Still, if virtual assistant appliances didn't respond to strangers, then future ads (or podcasts, radio shows and TV shows) wouldn't be able to interact with your device without your permission.
A greater concern is when virtual assistant appliances are connected to home appliances. Right now, a stranger shouting through a window at an Amazon Echo or Google Home device can theoretically turn on whatever's connected — the lights, oven, TV or sprinkler system — or even unlock the front door. Today, it's a very bad idea to have your doors, windows or burglar alarms activated by voice.
But in the future, when such appliances are really good at recognizing voices, we'll be able to connect all of our home devices without fear of unwanted strangers triggering them.
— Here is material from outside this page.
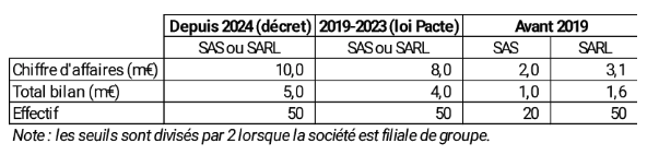 Cependant, son usage ne s’est pas encore généralisé dans les transactions du small cap, en particulier dans les opérations primaires. Le besoin est pourtant réel. Il tient d’abord à la qualité de l’information financière que l’on trouve dans les sociétés de taille petite ou moyenne. L’information analytique y est peu, voire pas, développée. La comptabilité statutaire est marquée par l’empreinte de la fiscalité. Le respect des règles comptables n’est pas toujours assuré. Rappelons que les seuils de nomination d’un commissaire aux comptes ont été significativement relevés au cours des dernières années, comme le montre le tableau ci-dessous :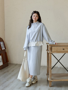 韩系假两件休闲套装秋装女装新款胖mm大码女装显瘦两件套65486

Unless privacy fears prevent it, voice recognition will be so good we should be able to use our voices to log in to all kinds of services on other devices, including other people's virtual assistant appliances, but also ATMs and security gates. Eventually, we could start our self-driving cars using voice alone. (We could get into the car and say "OK, Google Car, take me to work," but if someone else does that it wouldn't go anywhere.)
Google's caution in how the new user identification feature is implemented reveals how gun-shy Google is about violating user privacy.
While actual biometric privacy violations are a real and serious threat, the secondary threat is that ignorance and fear will prevent us from gaining enormous benefits.
Voice identification can, should and must be made very secure, enabling us to enjoy what's possible without compromising our privacy or personal information.
It will always be more secure and less prone to abuse than face recognition, as I explained last month.
Most importantly of all, voice is a democratizing interface.
Millions or possibly billions of people cannot use smartphones to any significant extent. We all have older parents, grandparents or great-grandparents who can't or won't use most of the features of their phones and see them as too complex. Others don't have the physical mobility to use screen-based interfaces or keyboards. (I have one relative who never communicates online because he finds computers too complicated and typing too daunting.)
It can be easy to dismiss this problem as insignificant, even as it puts non-users at an increasing disadvantage over time.
Our mobile devices, computers and networks are sophisticated enough now to enable the full power of the internet to anyone who can talk.
As Google Home's newest feature demonstrates, "just talking" can now enable people to log in to their accounts as well.
So let's proceed with caution, but also perspective and optimism.
In other words, let's hold companies accountable for privacy. But let's also not pressure them into hobbling future technologies out of unreasonable privacy fears.
We need to continue down this path and enable the full development and wide distribution of simple voice-based user identification of the kind that now exists in Google Home.